* **WHAT IS REQUIRED**: What you return must match the entries word for word, minus the pictures.
+++ INFORMATION GIVEN
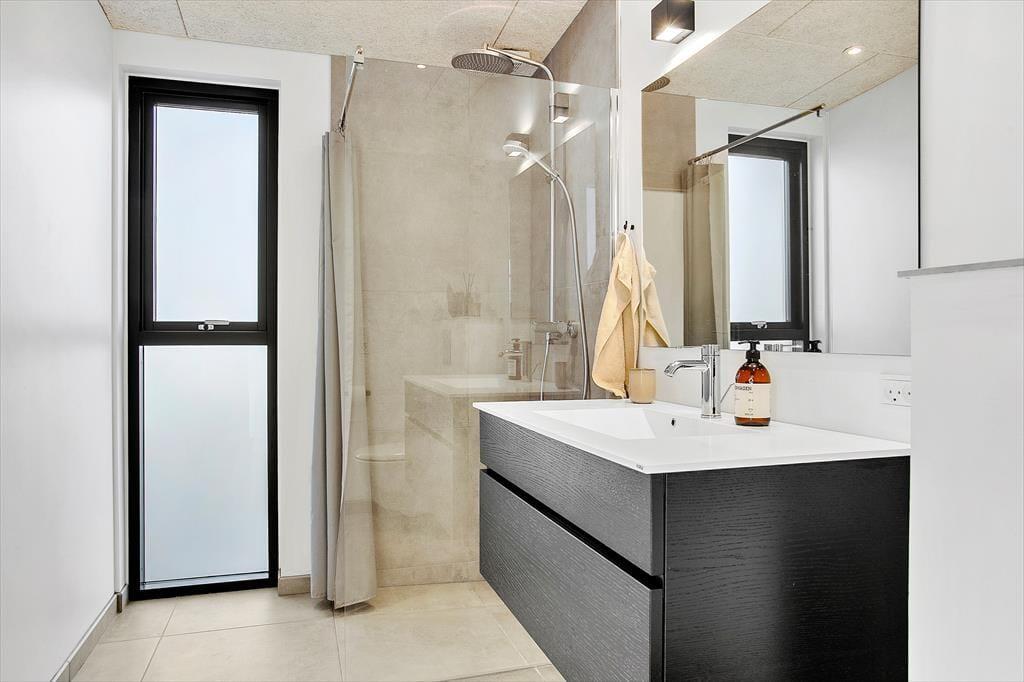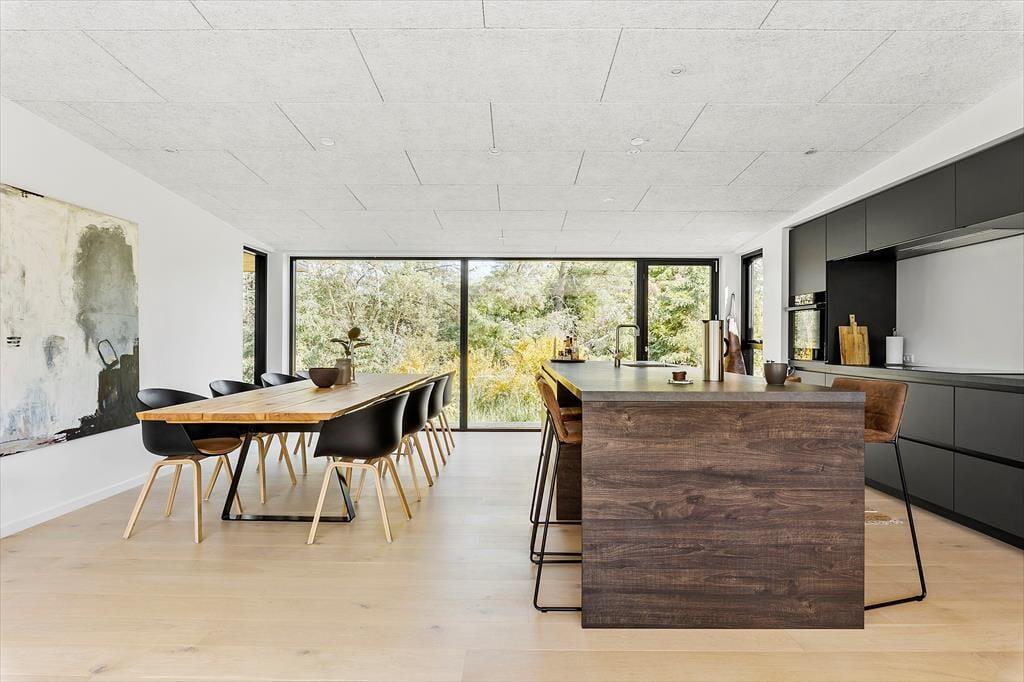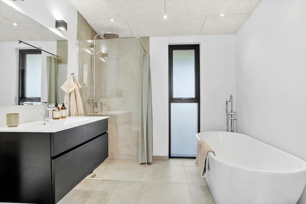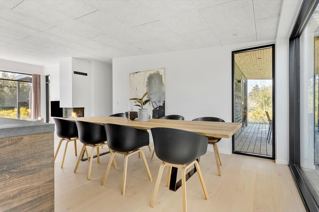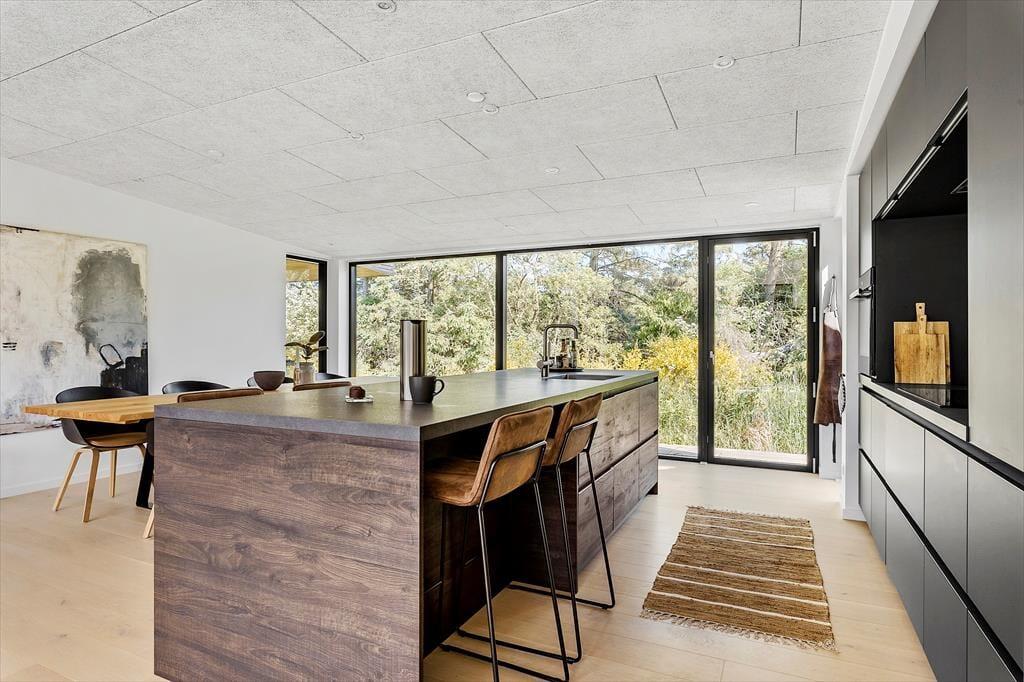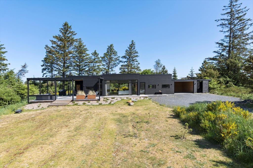 Sommerhuset er et flot byggeri fra 2021 med sortmalet træfacade og fladt tag. I forlængelse af bygningen ligger garagen, der fører jer ind til husets entré. Inden døre har rummene samme enkle elegance, og med lyse farvetoner, store vinduespartier og gulvvarme overalt er atmosfæren let og indbydende. I opholdsafdelingen er planløsningen åben, så I rigtig kan få glæde af det smukke, gennemstrømmende lysindfald, pejsens levende ild og hinandens gode selskab. Det moderne køkken er udstyret med alskens faciliteter – inklusiv en quooker, der leverer kogende vand på ingen tid – og ved sofaen hænger en stor fladskærm med kabel-tv og Chromecast. På det største af husets to badeværelser står et badekar, og på alle fire soveværelser fortsætter den minimalistiske og lækre indretningsstil.
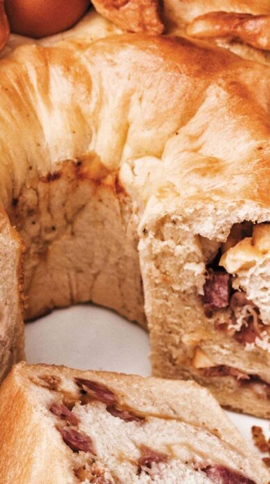South Italy’s tables are renowned for their decadent holiday meals, but nothing quite rivals the multi-day feast of Easter. Especially after the ascetic Lenten period, devout Catholics are eager to break their fast and commemorate the resurrection with symbolic foods. For South-dwellers and especially Neapolitans, Casatiello is the iconic savoury bread for this holiday time. The best versions feature lard from recently slaughtered pigs and inlaid eggs symbolizing the Resurrection.
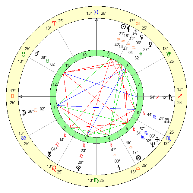| Moon | 26 Gemini 12 | 29 Cancer 57 | 4 Capricorn 4 |
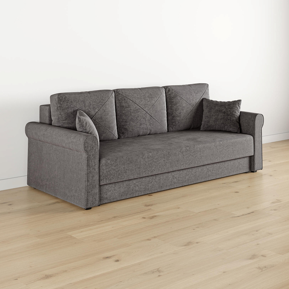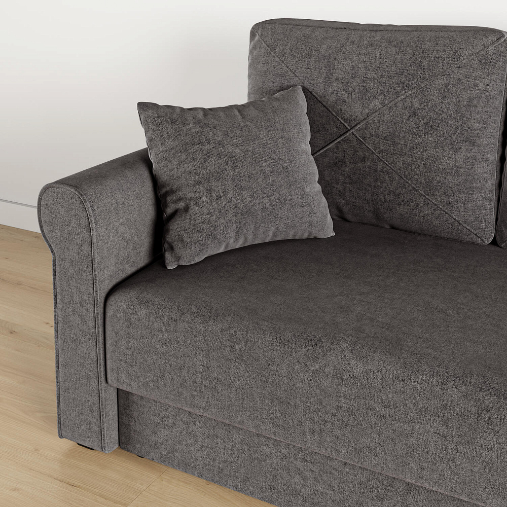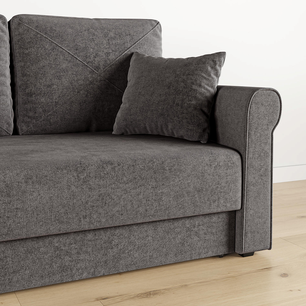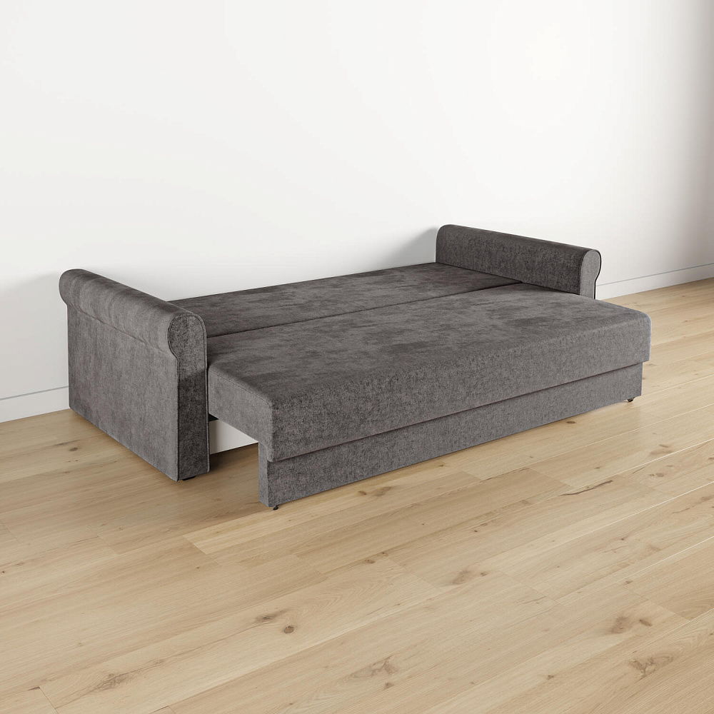 - Механизм трансформации «Еврокнижка». Диван легко раскладывается — достаточно выкатить вперёд сиденье и опустить спинку. Отодвигать диван от стены не требуется.
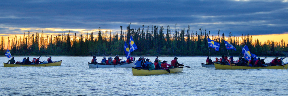 The importance of the canoe to Tłı̨chǫ lifeways past and present is visible in the myriad portage trails that criss-cross Tłı̨chǫ nèk’e, an area of more than 295,000 square kilometres stretching between Tı̀deè (Great Slave Lake) and Sahtı̀ (Great Bear Lake). Canoes and canoeing also permeate Tłı̨chǫ oral traditions.
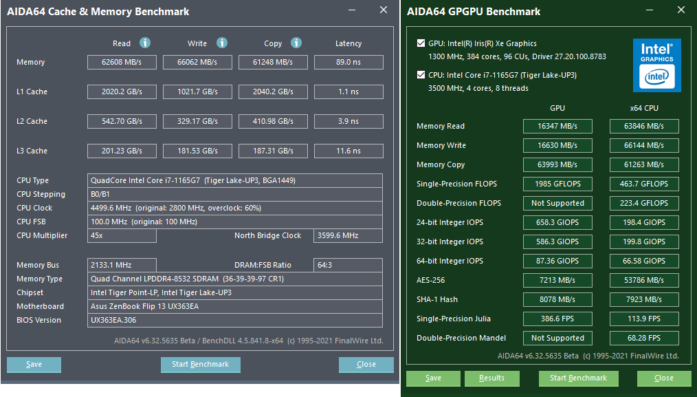 Процессоры в этих ноутбуках Asus ZenBook одинаковые, а производительность, как видим, отличается. Причина проста: в ZenBook 14 UX435EG процессор охлаждается эффективнее и работает на более высокой частоте ядра (2,5 ГГц против 2,1 ГГц у ZenBook Flip 13 UX363EA).
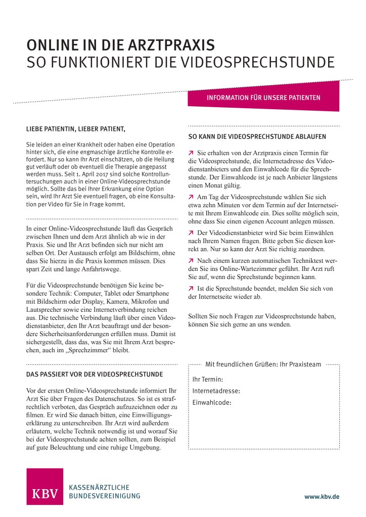 Aufgrund des bestehenden Infektionsrisikos empfiehlt die Kassenärztliche Bundesvereinigung Ärzte und Therapeuten nur noch bei dringendem Bedarf und im Optimalfall nach telefonischer Rücksprache aufzusuchen.
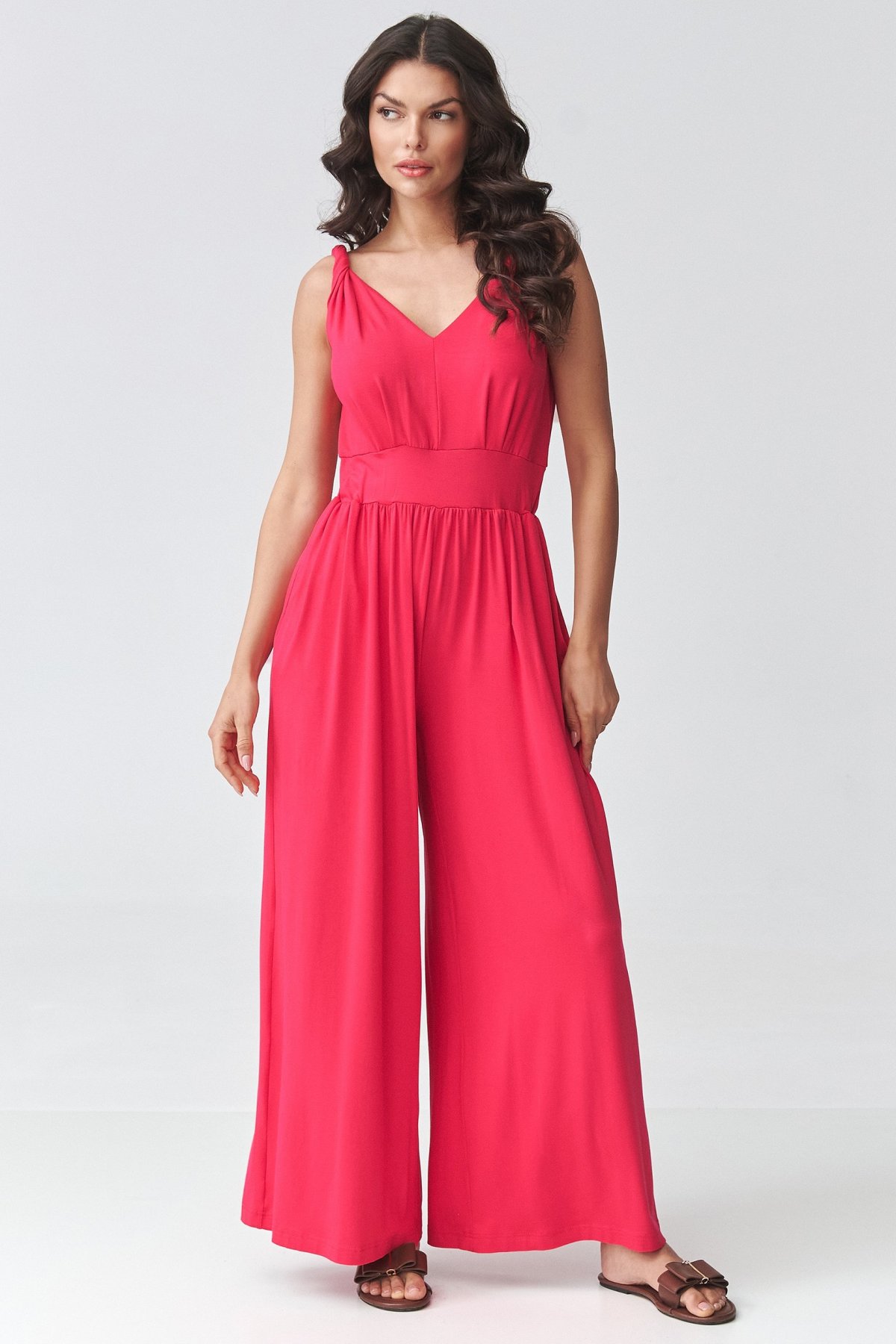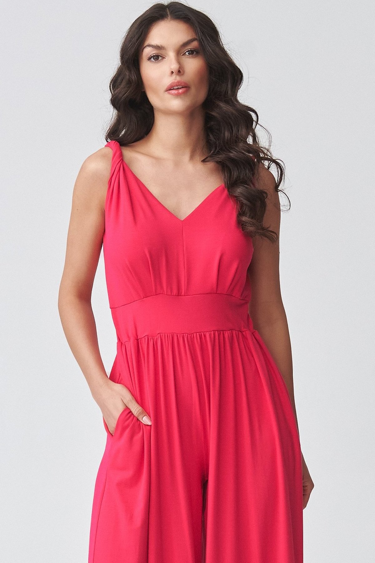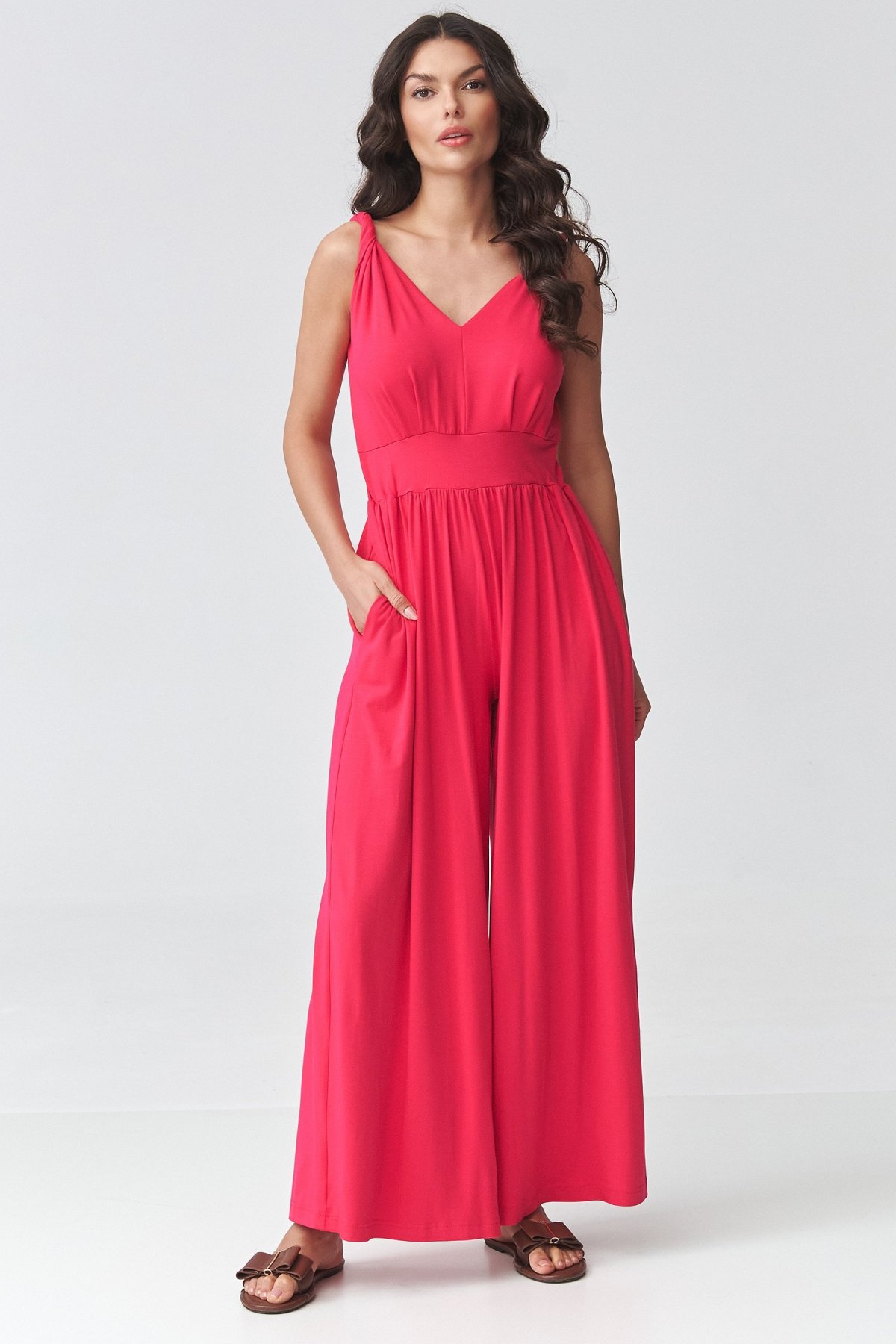 Kousek, který spojuje čistou linii s pohodlím při nošení. Výstřih do tvaru písmene V opticky prodlužuje horní část siluety a zvýrazněný pas pomáhá vytvořit vyvážené proporce bez zbytečné strojenosti. Lehký splývavý materiál se na postavě měkce ukládá a díky širokým nohavicím působí celek vzdušně a uvolněně. Právě proto se overal hodí jak na běžný den, tak na chvíle, kdy chcete zvolit upravenější outfit bez složitého kombinování. Stačí přidat sandály pro lehčí letní vzhled nebo podpatky pro výraznější, elegantnější dojem.
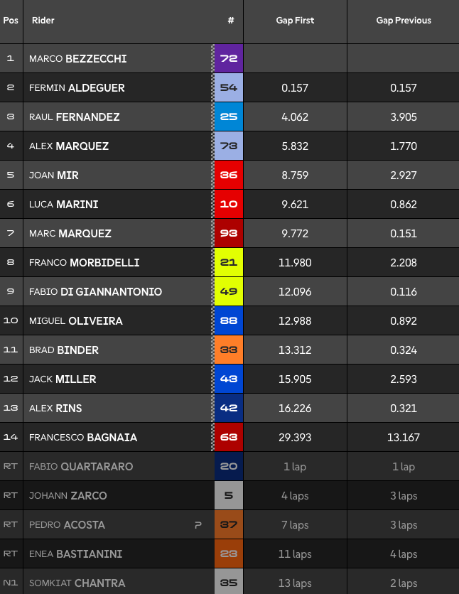 La domination du pilote italien prive Fermin Aldeguer de la première place. Le Rookie a longtemps mené le Sprint avant de se faire dépasser dans le dernier tour. Il reste le meilleur pilote Ducati hier et aujourd'hui.
++++++
* **FINAL ANSWER**:
 Sommerhuset er et flot byggeri fra 2021 med sortmalet træfacade og fladt tag. I forlængelse af bygningen ligger garagen, der fører jer ind til husets entré. Inden døre har rummene samme enkle elegance, og med lyse farvetoner, store vinduespartier og gulvvarme overalt er atmosfæren let og indbydende. I opholdsafdelingen er planløsningen åben, så I rigtig kan få glæde af det smukke, gennemstrømmende lysindfald, pejsens levende ild og hinandens gode selskab. Det moderne køkken er udstyret med alskens faciliteter – inklusiv en quooker, der leverer kogende vand på ingen tid – og ved sofaen hænger en stor fladskærm med kabel-tv og Chromecast. På det største af husets to badeværelser står et badekar, og på alle fire soveværelser fortsætter den minimalistiske og lækre indretningsstil.
South Italy’s tables are renowned for their decadent holiday meals, but nothing quite rivals the multi-day feast of Easter. Especially after the ascetic Lenten period, devout Catholics are eager to break their fast and commemorate the resurrection with symbolic foods. For South-dwellers and especially Neapolitans, Casatiello is the iconic savoury bread for this holiday time. The best versions feature lard from recently slaughtered pigs and inlaid eggs symbolizing the Resurrection.
| Moon | 26 Gemini 12 | 29 Cancer 57 | 4 Capricorn 4 |
 - Механизм трансформации «Еврокнижка». Диван легко раскладывается — достаточно выкатить вперёд сиденье и опустить спинку. Отодвигать диван от стены не требуется.
 The importance of the canoe to Tłı̨chǫ lifeways past and present is visible in the myriad portage trails that criss-cross Tłı̨chǫ nèk’e, an area of more than 295,000 square kilometres stretching between Tı̀deè (Great Slave Lake) and Sahtı̀ (Great Bear Lake). Canoes and canoeing also permeate Tłı̨chǫ oral traditions.
 Процессоры в этих ноутбуках Asus ZenBook одинаковые, а производительность, как видим, отличается. Причина проста: в ZenBook 14 UX435EG процессор охлаждается эффективнее и работает на более высокой частоте ядра (2,5 ГГц против 2,1 ГГц у ZenBook Flip 13 UX363EA).
 Aufgrund des bestehenden Infektionsrisikos empfiehlt die Kassenärztliche Bundesvereinigung Ärzte und Therapeuten nur noch bei dringendem Bedarf und im Optimalfall nach telefonischer Rücksprache aufzusuchen.
 Kousek, který spojuje čistou linii s pohodlím při nošení. Výstřih do tvaru písmene V opticky prodlužuje horní část siluety a zvýrazněný pas pomáhá vytvořit vyvážené proporce bez zbytečné strojenosti. Lehký splývavý materiál se na postavě měkce ukládá a díky širokým nohavicím působí celek vzdušně a uvolněně. Právě proto se overal hodí jak na běžný den, tak na chvíle, kdy chcete zvolit upravenější outfit bez složitého kombinování. Stačí přidat sandály pro lehčí letní vzhled nebo podpatky pro výraznější, elegantnější dojem.
 La domination du pilote italien prive Fermin Aldeguer de la première place. Le Rookie a longtemps mené le Sprint avant de se faire dépasser dans le dernier tour. Il reste le meilleur pilote Ducati hier et aujourd'hui.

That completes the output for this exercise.